- MLW Underground TV logo
- Genre: Professional wrestling
- Created by: Court Bauer
- Starring: See Major League Wrestling roster
- Country of origin: United States
- No. of episodes: 34

Production
- Camera setup: Multiple-camera setup
- Running time: 60 minutes

Original release
- Network: Sunshine Network
- Release: April 7, 2003 – February 14, 2004

Related
- MLW Fusion (2018) MLW Fusion: Alpha (2021) MLW Azteca (2022) MLW Underground Wrestling (2023)

= MLW Underground TV =

MLW Underground TV is a professional wrestling television series that was produced by Major League Wrestling (MLW) from 2003 to 2004. The series was hosted by former Extreme Championship Wrestling (ECW) commentator Joey Styles.
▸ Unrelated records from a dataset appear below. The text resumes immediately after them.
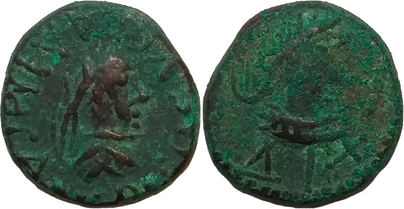 - Бюст императора вправо, справа «палица», внизу год ΔΙΧ (614 г. б. э.)
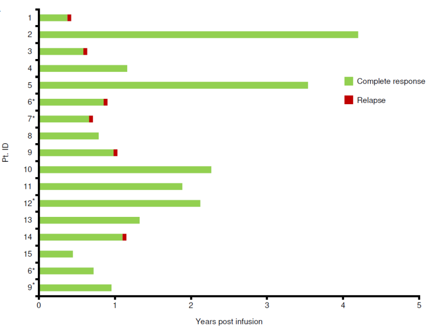 图2辅助治疗组患者输注mLSTs后的缓解情况
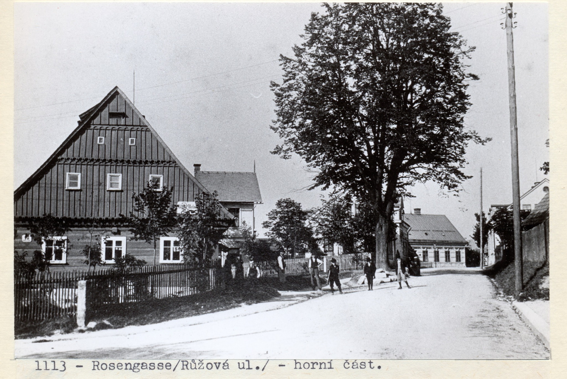 Gablonz a. N. – Wustung-Bräuhausgasse / dnešní Revoluční ulice – křižovatka s Pivovarskou ulicí (Bräuhausgasse)
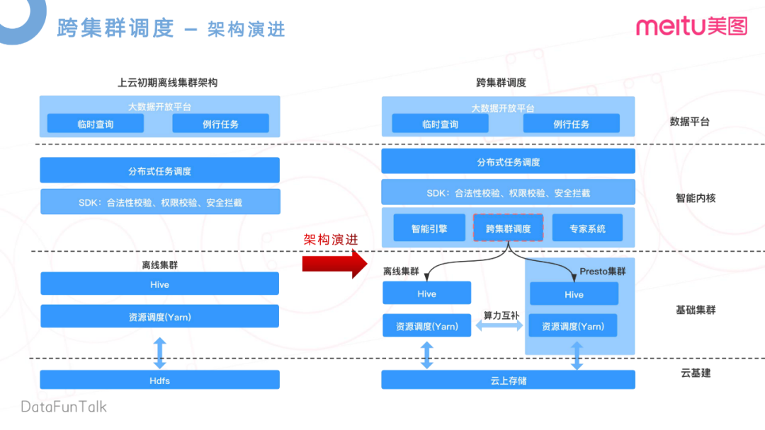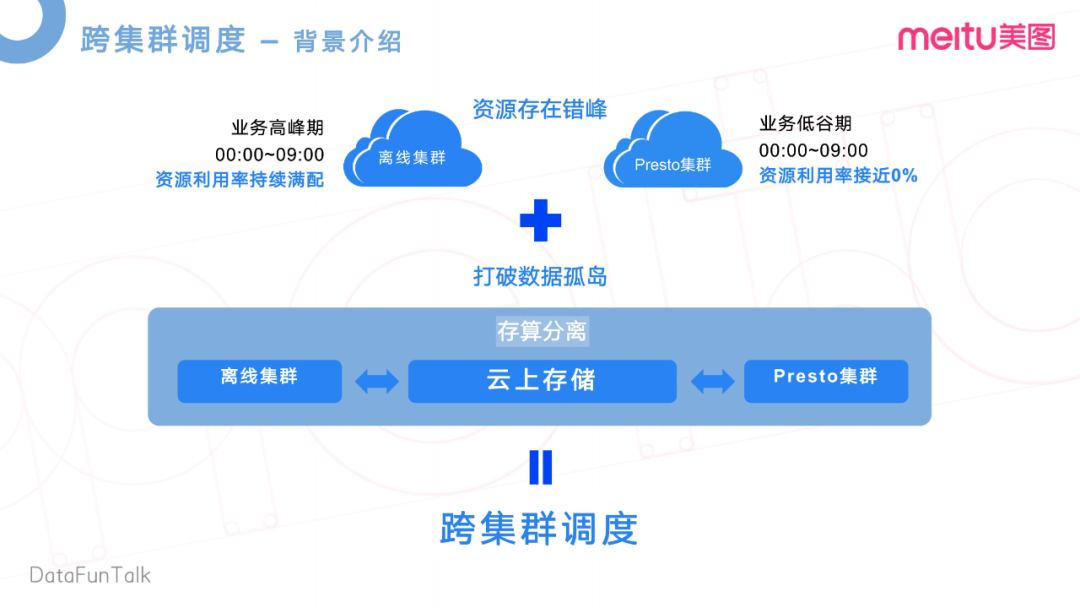 美图在去年完成了一个上云的操作,在云上使用了存算分离的架构,实现了数据的统一存储。这样的好处是打破了传统架构的数据孤岛的问题,离线集群和Presto集群可以无差别的访问云上的存储,即离线集群可以访问到Presto集群上的数据,Presto上的数据也可以访问到离线集群的数据。基于这两点,我们就提出了一个跨集群调度的概念,去减轻离线集群的高峰负载,提升Presto集群凌晨业务低谷资源使用率。
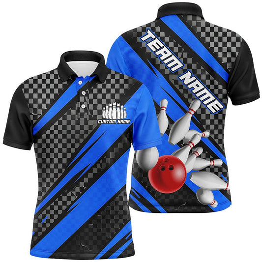 Custom Bowling Polo Shirts, Splatter Pins Custom Bowling Team Shirts For Men And Women, Bowling Tournament Shirt Blue
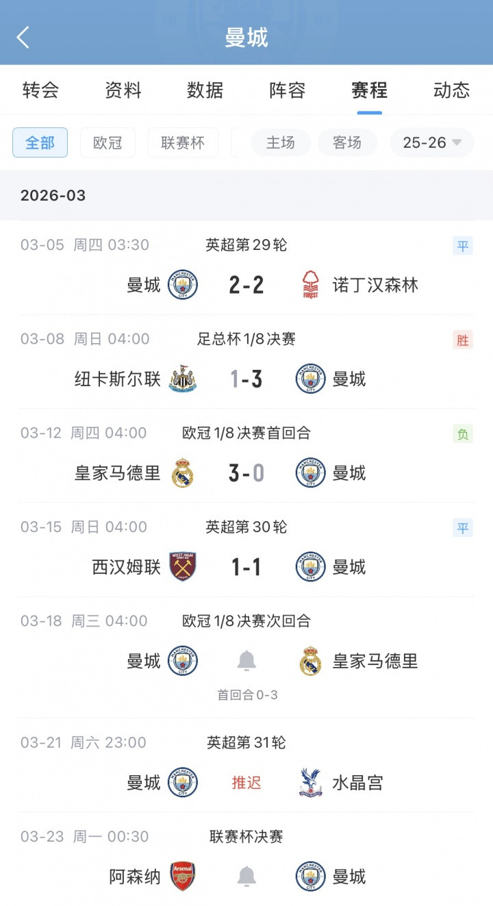 进入3月份各项赛事逐渐进入冲刺阶段,曼城近4场只收获1胜,为足总杯1/8决赛3-1击败纽卡。其他三场分别2-2平诺丁汉森林、0-3不敌皇马、1-1平西汉姆。
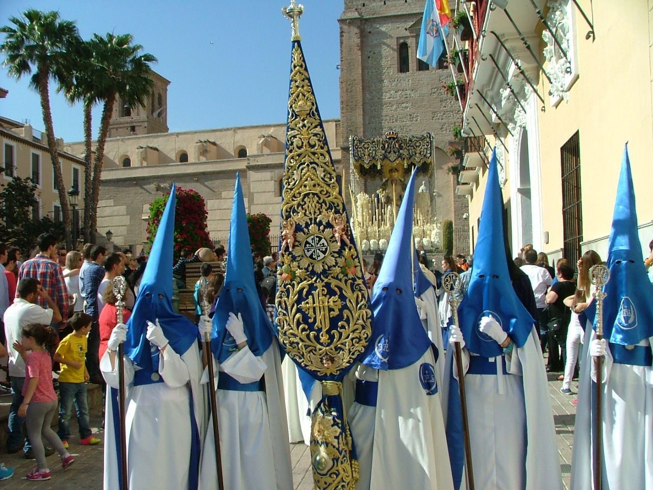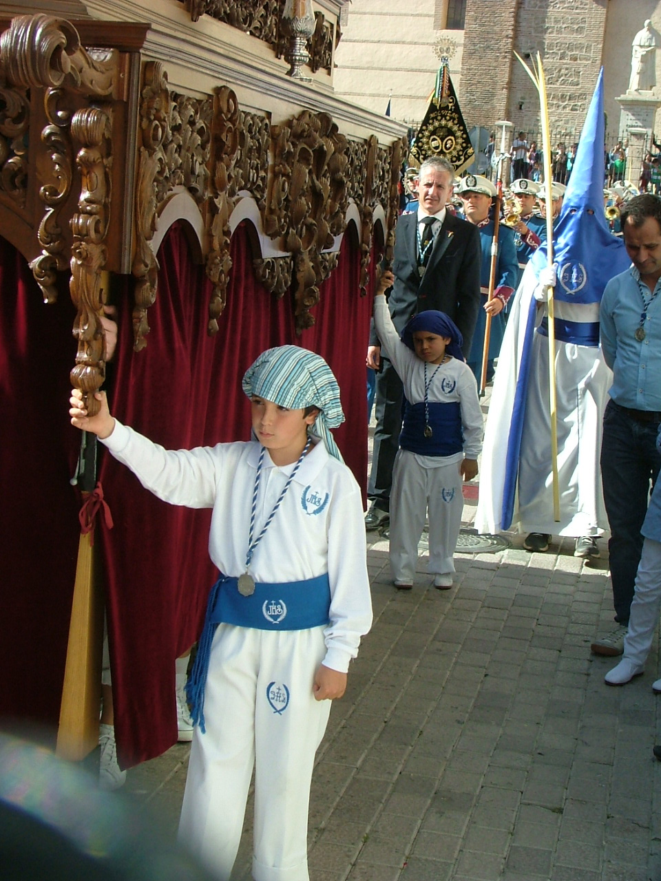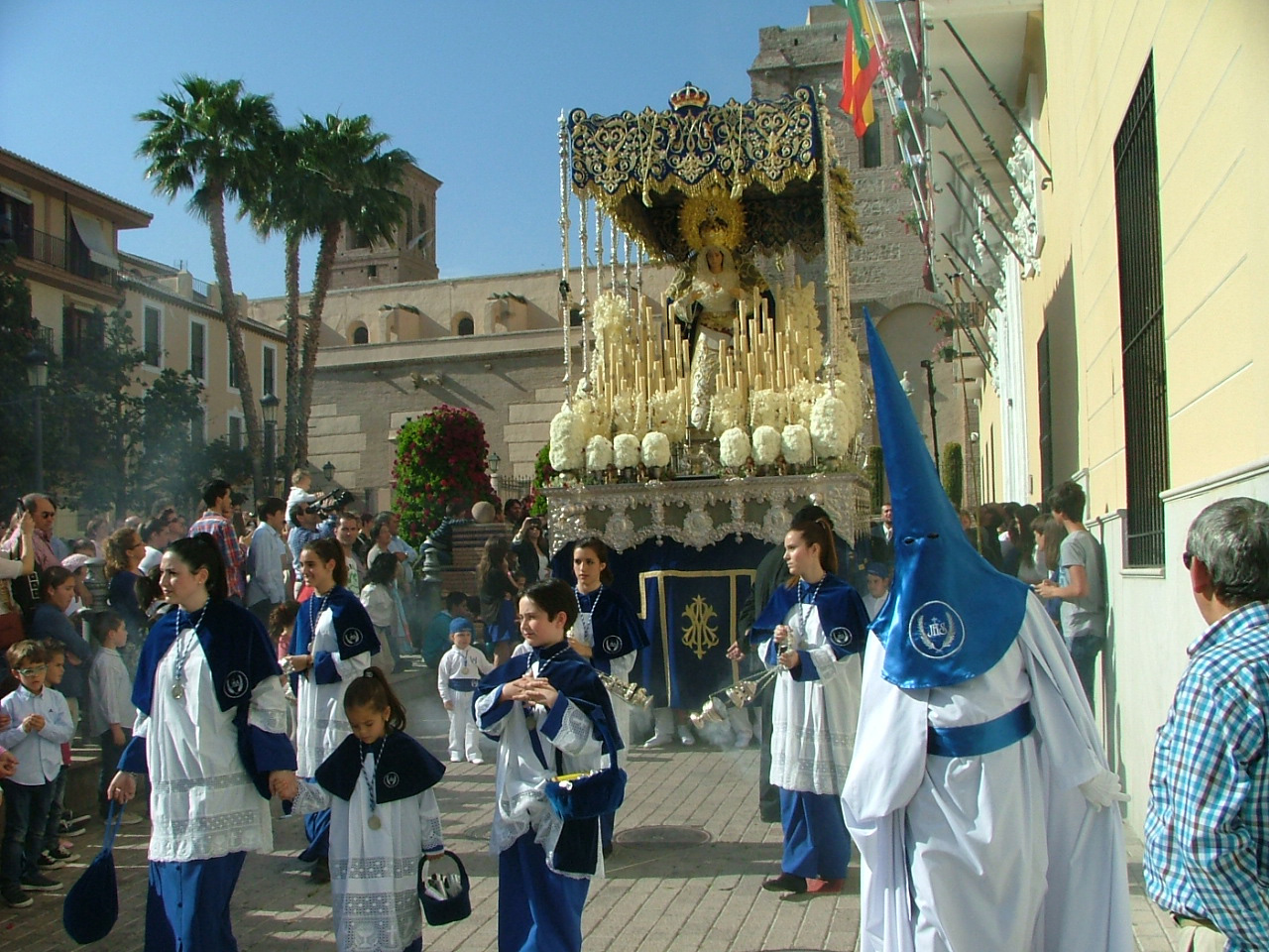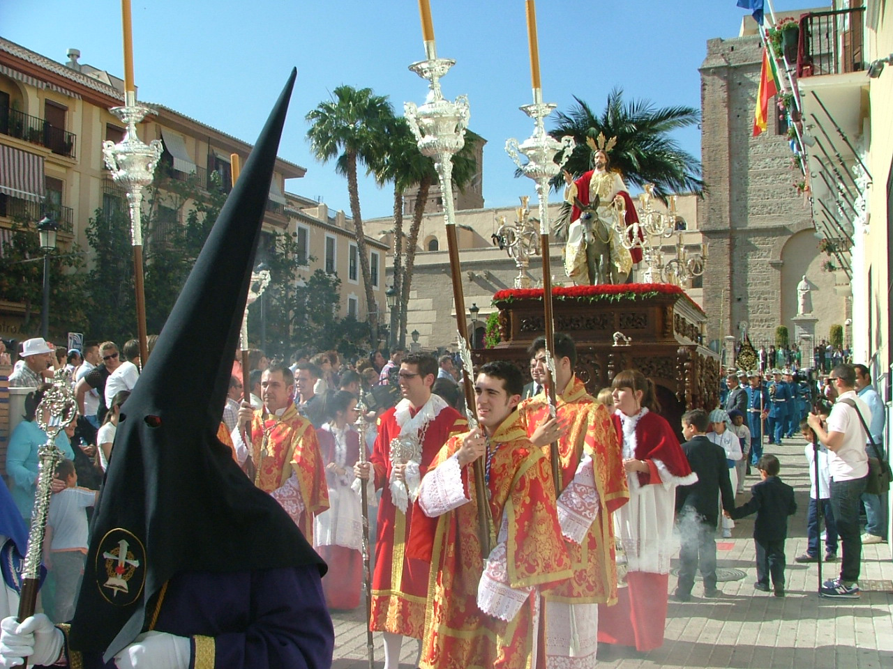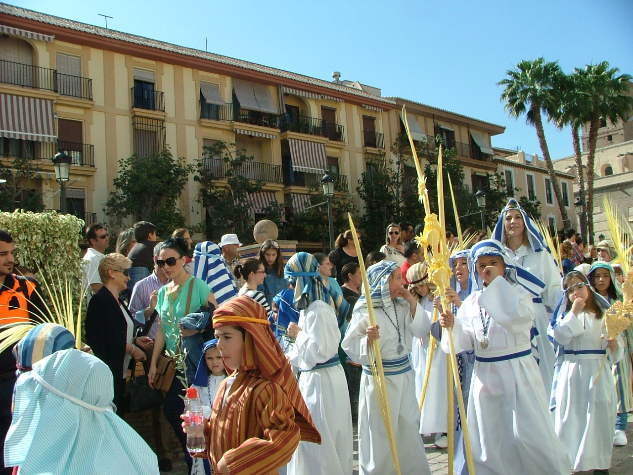 Igualmente, a media mañana del sábado, quedaba ultimada la rampa de madera que facilitará el tránsito de los dos pasos procesionales que exhibe esta hermandad en la calle. Este año la infraestructura ha sido sufragada por las dos hermandades que harán uso de ella, la Borriquita y la de Jesús del Perdón, ésta última inaugurando novedosamente su salida penitencial desde el templo Mayor. Como viene siendo tradicional las palmas y ramas de olivos que reciben triunfalmente a Jesús en la Borriquita han sido bendecidas en la mañana del domingo en la plaza del Tranvía, iniciándose a continuación una marcha procesional que llevó a los fieles presentes hasta el templo de la Encarnación para asistir a la eucaristía del día.Con la puntualidad de que hace gala la Hermandad de Nuestro Padre Jesús en su triunfal entrada de Jesús en Jerusalén, a las 17:00 hrs daba comienzo el cortejo penitencial tras abrirse la puerta ubicada en el crucero de la iglesia. De impresionante hay que calificar la respuesta del público motrileño apostado en los aledaños y la plaza de España para contemplar el variopinto séquito de hermanos cofrades en los que se imprime con calidez el color azul y blanco propio de la hermandad. Desde luego hay que calificar de total acierto el traslado de la estación de fe a la iglesia de la Encarnación ya que ha ganado en prestancia y seriedad, a la vez que sintetiza en el corazón urbano de la ciudad el paso de su extensa comitiva, una de las más nutridas de nuestra semana mayor. Tras la disposición de la cruz guía, el siempre atrayente y multitudinario grupo de niños hebreos y la extensa sección «cristífera» ataviada con las palmas bendecidas en la mañana, se disponía el impresionante paso de Jesús a lomos de la borriquita, cuya imagen original es obra del escultor Antonio José Martínez Rodríguez. Este año, como novedad, figura expuesto sin las imágenes secundarias de los populares «carrasquillos», destacando igualmente el llamativo exorno floral de claveles rojos sobre un tapiz de romero expresamente recogido por los hermanos para la ocasión. La imagen de Jesús estrena igualmente la flamante túnica que le cubre, que ha sido bordada en el taller de la propia hermandad.
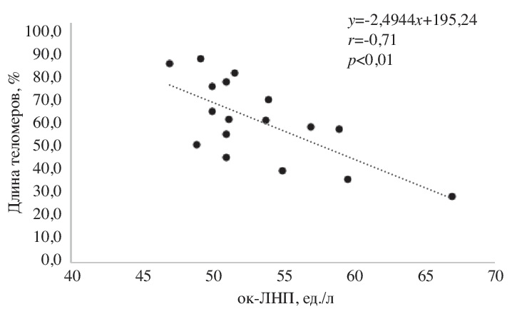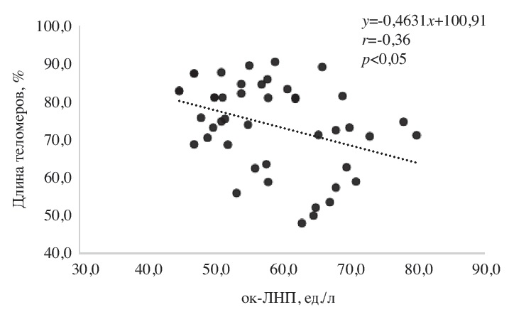 Рис. 3. Корреляционная зависимость между исходной длиной теломерных повторов в хромосомах лейкоцитов и исходным уровнем ок-ЛНП плазмы крови у больных с ИБС, у которых в течение 5 лет после обследования не возникло ССО.
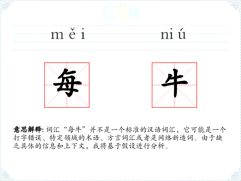 词汇“每牛”并不是一个标准的汉语词汇,它可能是一个打字错误、特定领域的术语、方言词汇或者是网络新造词。由于缺乏具体的信息和上下文,我将基于假设进行分析。
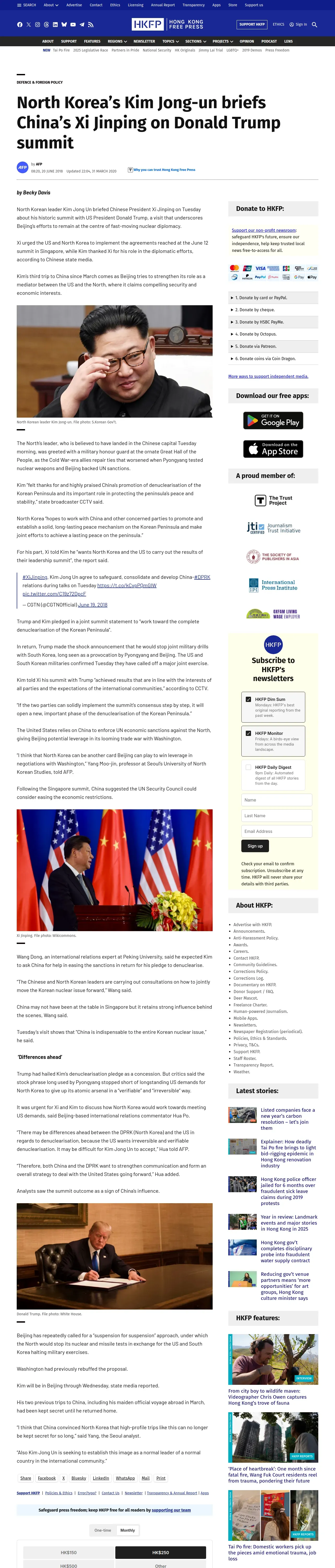 https://hongkongfp.com:443/2018/06/20/north-koreas-kim-jong-un-briefs-chinas-xi-jinping-donald-trump-summit/

Reruns of the series began airing in the summer of 2020 on BeIN Sports USA.

The Underground name was revived for the weekly series titled MLW Underground Wrestling, that premiered on February 7, 2023.

==History==
Underground TV episodes consisted of pre-taped matches from prior MLW events.

In late 2003, MLW released episodes of Underground TV on DVD. Unlike the on-air broadcast, the DVDs contain full-length matches from the television tapings. It also contained backstage interviews from before and after the event.